The dominant theme of the new guidance on services for upper gastro-intestinal (UGI) cancers (see box 1) is the need for greater specialisation. A wide-ranging review of research evidence, summarised in the latest Effective Health Care bulletin, reveals the magnitude of the gulf between outcomes that prevail in England and Wales and outcomes achieved elsewhere (see box 2).

1Together, cancers of the UGI system - oesophagus, stomach and pancreas - account for almost 10 per cent of cancers in men and about 7.5 per cent in women. These are tumours for which the prognosis is often poor; only about a quarter of patients remain alive a year after diagnosis in the UK.

The research review reveals some of the reasons for the gloomy prognosis. The first problem is that cancer may not be diagnosed until it is far advanced because early symptoms, notably dyspepsia, are very common and rarely due to cancer. These symptoms may not, therefore, be investigated. The guidance calls for increased availability of open access endoscopy services and draws attention to the influence of the patient's age on cancer risk.
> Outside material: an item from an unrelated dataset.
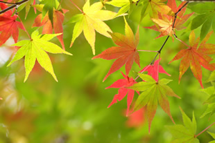 写真Cは、赤、黄、緑のグラデーションが美しい葉を、背景の緑の中に浮かび上がるように狙っています。形もスッキリして色合いも美しく、写真Bと比較すれば、一段とモミジが「キレイ!」に見えると思います。
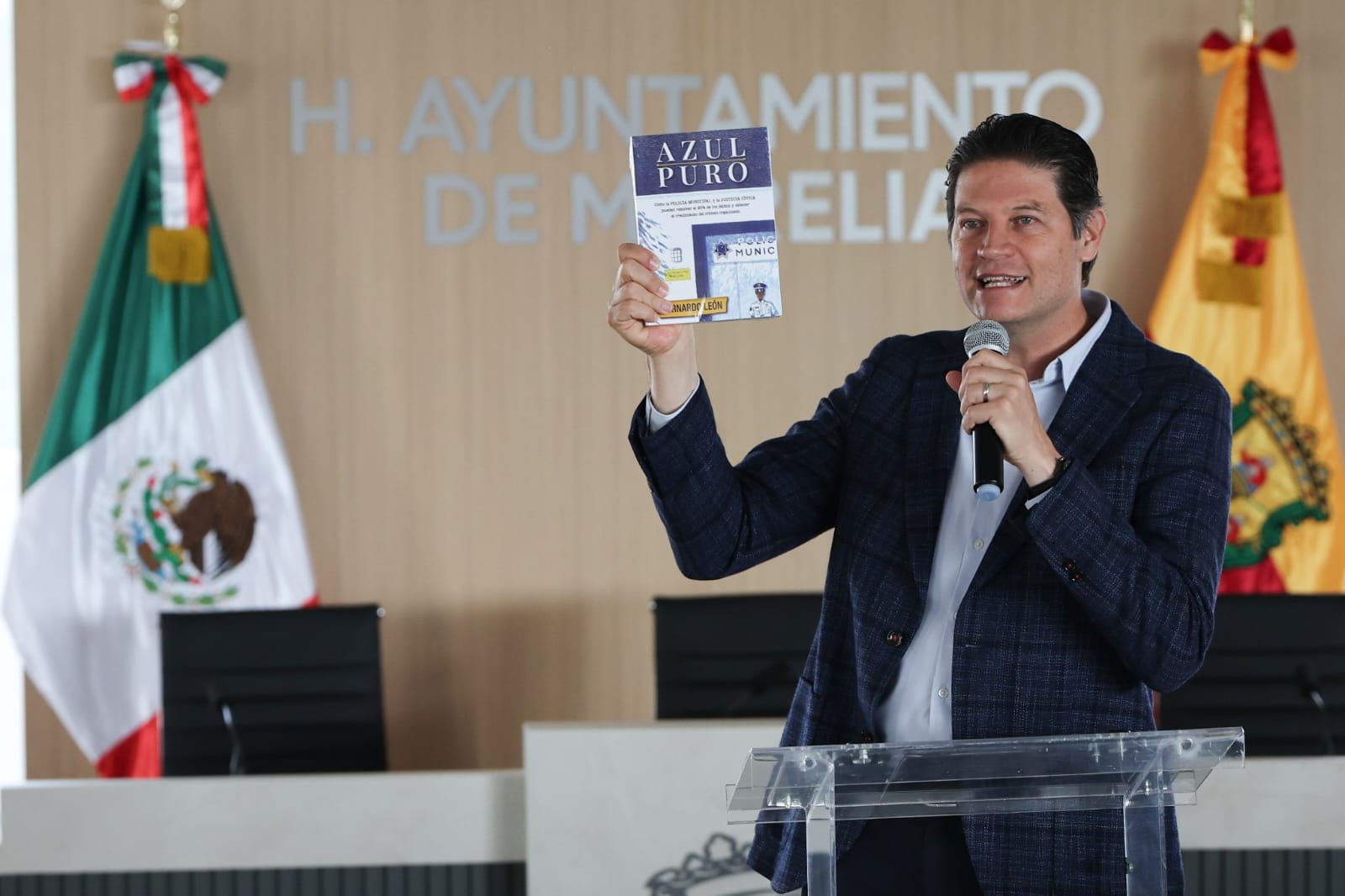 Bernardo León compartió que escribió “Azul Puro” porque no existía bibliográfica específica para policías municipales, además que incluyó un reconocimiento a la voluntad de Alfonso Martínez en materia de seguridad y justicia cívica.

Potentially curative surgery may be possible when cancer is diagnosed sufficiently early, but it can be difficult and hazardous. Rates of morbidity and mortality for resection of UGI cancers are among the highest of any elective surgical procedures.

For example, procedure-related mortality from surgery for pancreatic cancer in Yorkshire is almost 18 per cent - eight times that for coronary artery bypass grafts. The call for specialised management is based partly on the discrepancy between such figures as this and those achieved by specialist centres (see box 2), and partly on consistent evidence for associations between higher patient numbers and better outcomes in these types of cancer.

Services in England and Wales have been fragmented and poorly organised. The structure of services recommended in Improving Outcomes in Upper Gastro-intestinal Cancers: the manual is intended to remedy these deficiencies. Patients will be managed by a network of specialist teams based in large cancer units and cancer centres and serving populations for which minimum sizes have been specified (see box 3).

Initial diagnosis will be carried out by diagnostic teams working at local hospitals, which will refer patients to specialist teams for further assessment and treatment. There will also be local cancer care teams that will include members of the local diagnostic team; these teams will provide palliative interventions in accordance with agreed local network policy. The key recommendations agreed by the national cancer guidance group UGI editorial committee are given in The Manual and precised in the summary for GPs and primary healthcare teams (see box 4).

Management by specialist multidisciplinary teams is likely to lead to changes in patterns of treatment, particularly more widespread use of chemotherapy. More patients will receive active treatment for their cancers but this could, paradoxically, reduce hospitalisation times.

Inevitably, improving outcomes will require additional funding. The annual cost of implementing the recommendations in The Manual has been estimated at£87.5m, but there is considerable uncertainty around this figure.

The main areas in which higher costs will be incurred are chemotherapy, centralisation of surgical services and increased use of resection, rapid-access endoscopy services, and new diagnostic equipment.

REFERENCE

1 NHS Centre for Reviews and Dissemination. Management of Upper Gastro-intestinal Cancers. Effective Health Care 2000; 6 (4).